### TASK GOAL:
The lines to print run from the top of the material below to the line with "The grand centerpiece", inclusive; please copy them exactly, without pictures.

***** RECORDS TO USE

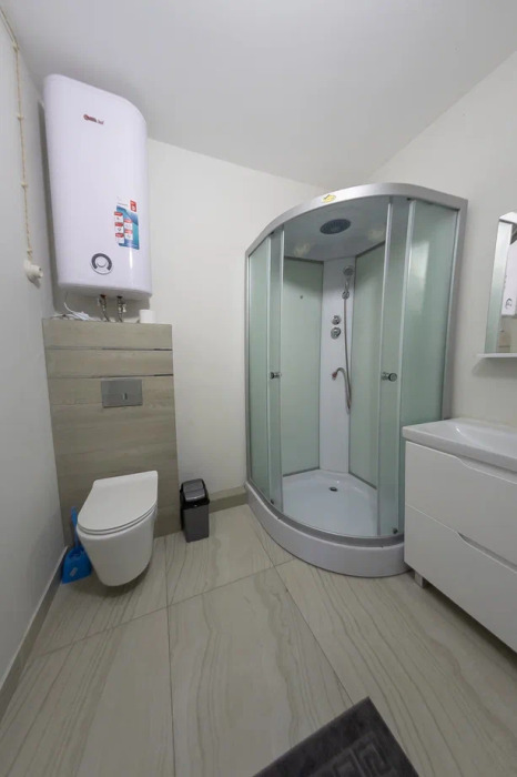 Спальня оснащена двуспальной кроватью 160х200 см, креслом, прикроватной тумбой и столиком с выдвижными ящиками. Во второй комнате - двуспальная кровать 140х200, окно в видом на дубовый лес, столик, диван и телевизор 52 дюйма. В номере большой шкаф с зеркалом в полный рост. Ванная комната оснащена душем. Фен. Махровые халаты.
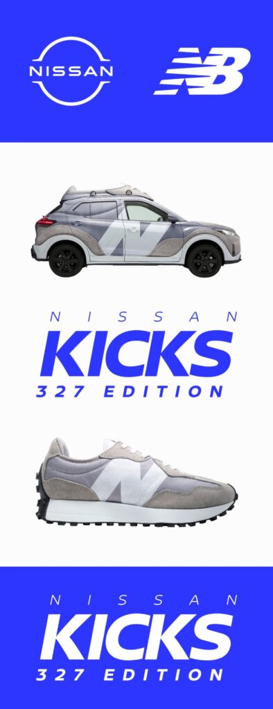 “日産キックス”と“ニューバランス”が初のタイアップ New Balance 327を再現した世界に1台の日産キックス「NISSAN KICKS 327 EDITION」を製作
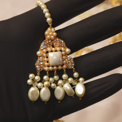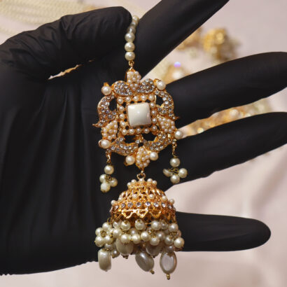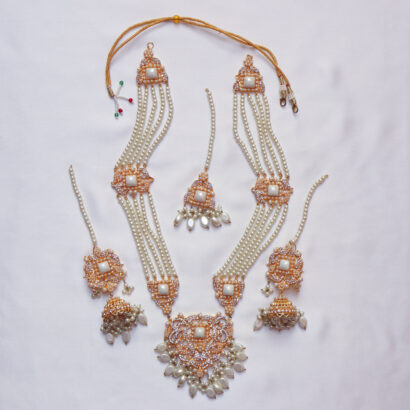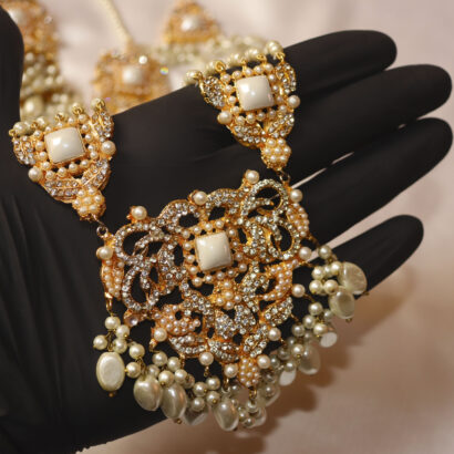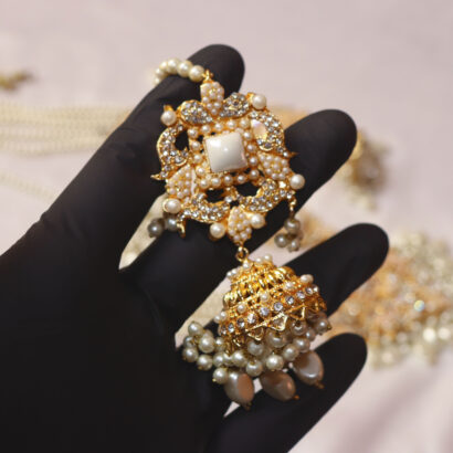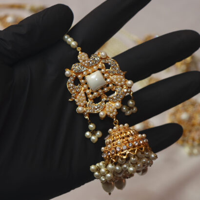 The grand centerpiece necklace features a dazzling pendant adorned with sparkling stones and delicate pearl drops, complemented by symmetrical multi-strand pearl arrangements. The set includes majestic Jhumka earrings, a graceful Tikka for the forehead, and stunning side jhumar/passa-style elements that drape beautifully, completing a truly regal look. Each piece is a masterpiece of craftsmanship, designed to make you feel like royalty on your most special day or at any grand celebration. Embrace the blend of traditional charm and contemporary sparkle with this unforgettable ensemble.
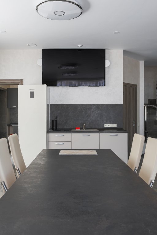 Прямо в коттедже находится 3 спальни, ванная комната с туалетом, гостиная совмещенная с кухней. По центру гостиной большой обеденный стол, диван, напротив которого телевизор с цифровым сигналом — 20 эфирных каналов с идеальной картинкой. Кухня оборудована холодильником, микроволновой печью, чайником, набором посуды и столовых приборов.
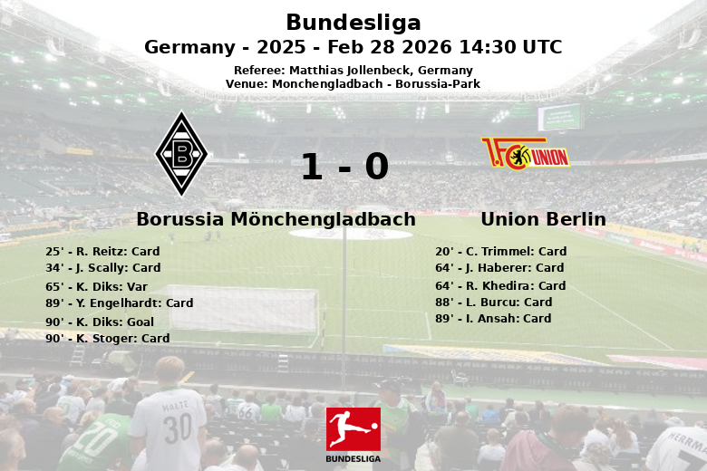 Le match a été marqué par les avertissements, avec cinq cartons jaunes pour l’Union Berlin et trois pour le Borussia Mönchengladbach. Un but du Borussia Mönchengladbach a été annulé par la VAR en raison d’un hors-jeu. À la fin du match, dans le temps additionnel, le Borussia Mönchengladbach a marqué un penalty.
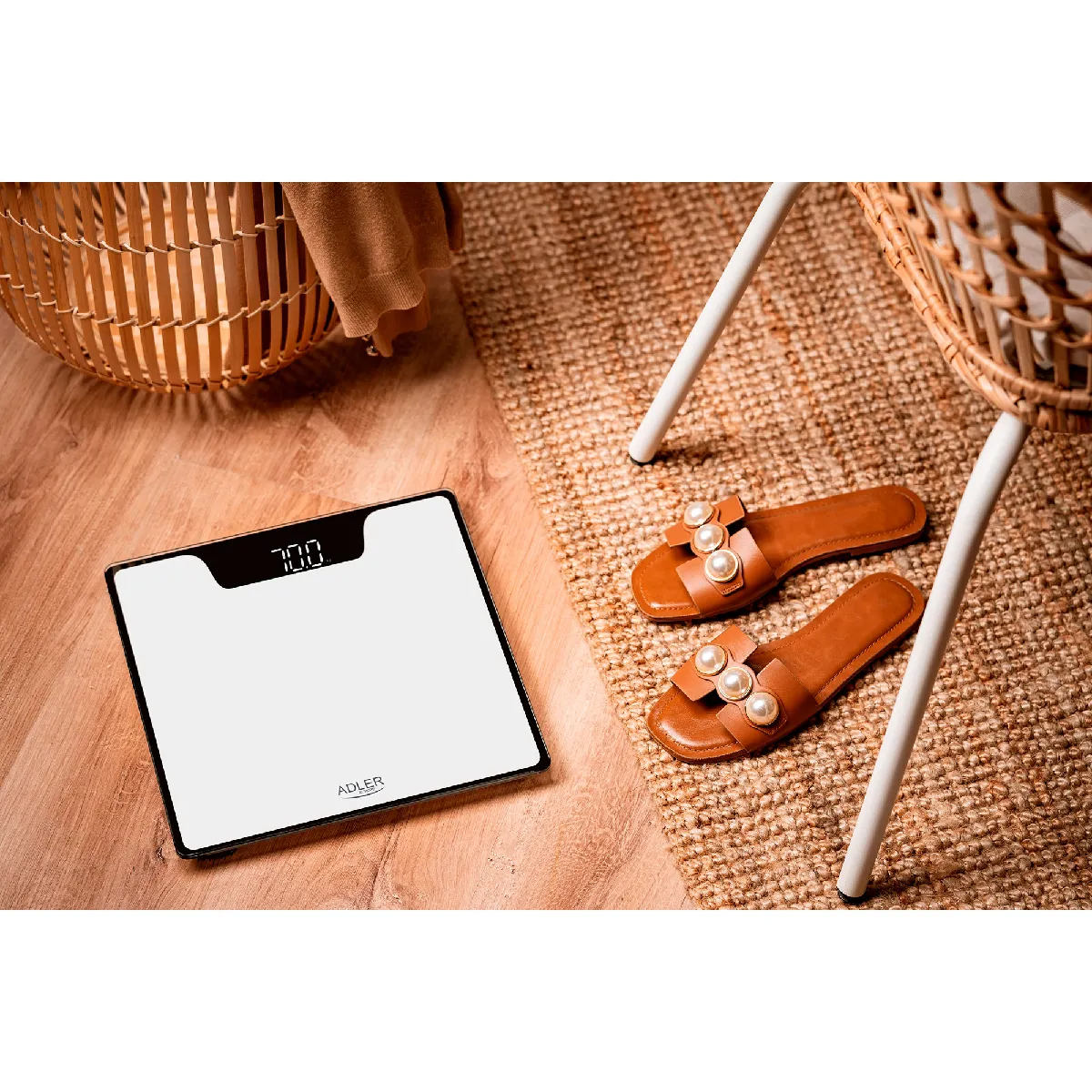 Pèse-personne électronique - Écran LED à haut contraste - Verre trempé 6 mm - Arrêt automatique - Indicateurs batterie faible et surcharge - Pieds antidérapants - Alimentation 2×AAA
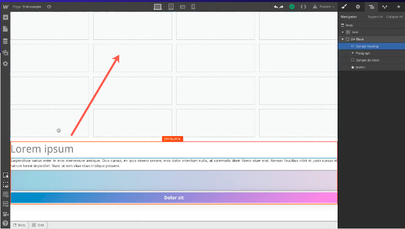 Guess what else is content? Div blocks. That means you can combine the strengths of Flexbox with Grid. Just drag a div block into your grid (or a grid inside of a div block).
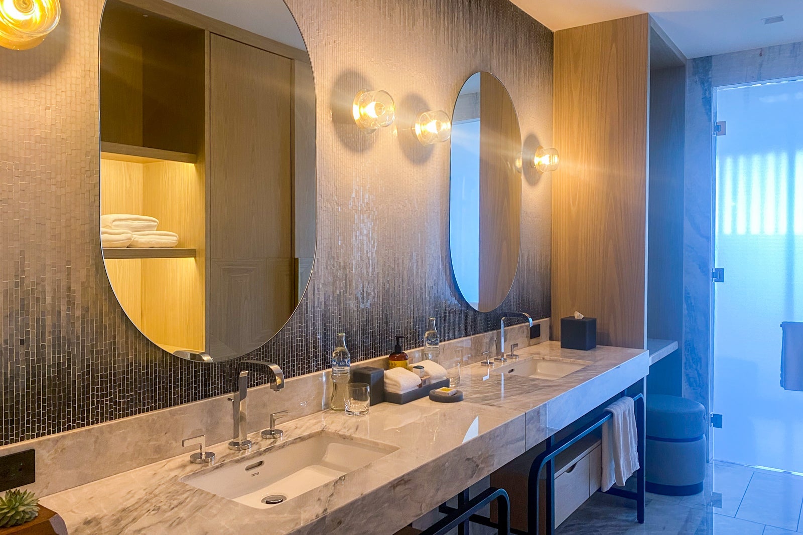 Two marble vanities with oval mirrors set in shimmering mosaic tiles were separated from the bedroom by a wooden screen-style wall mounted with a flat screen TV.

**********

### RESULT:
 Спальня оснащена двуспальной кроватью 160х200 см, креслом, прикроватной тумбой и столиком с выдвижными ящиками. Во второй комнате - двуспальная кровать 140х200, окно в видом на дубовый лес, столик, диван и телевизор 52 дюйма. В номере большой шкаф с зеркалом в полный рост. Ванная комната оснащена душем. Фен. Махровые халаты.
 “日産キックス”と“ニューバランス”が初のタイアップ New Balance 327を再現した世界に1台の日産キックス「NISSAN KICKS 327 EDITION」を製作
 The grand centerpiece necklace features a dazzling pendant adorned with sparkling stones and delicate pearl drops, complemented by symmetrical multi-strand pearl arrangements. The set includes majestic Jhumka earrings, a graceful Tikka for the forehead, and stunning side jhumar/passa-style elements that drape beautifully, completing a truly regal look. Each piece is a masterpiece of craftsmanship, designed to make you feel like royalty on your most special day or at any grand celebration. Embrace the blend of traditional charm and contemporary sparkle with this unforgettable ensemble.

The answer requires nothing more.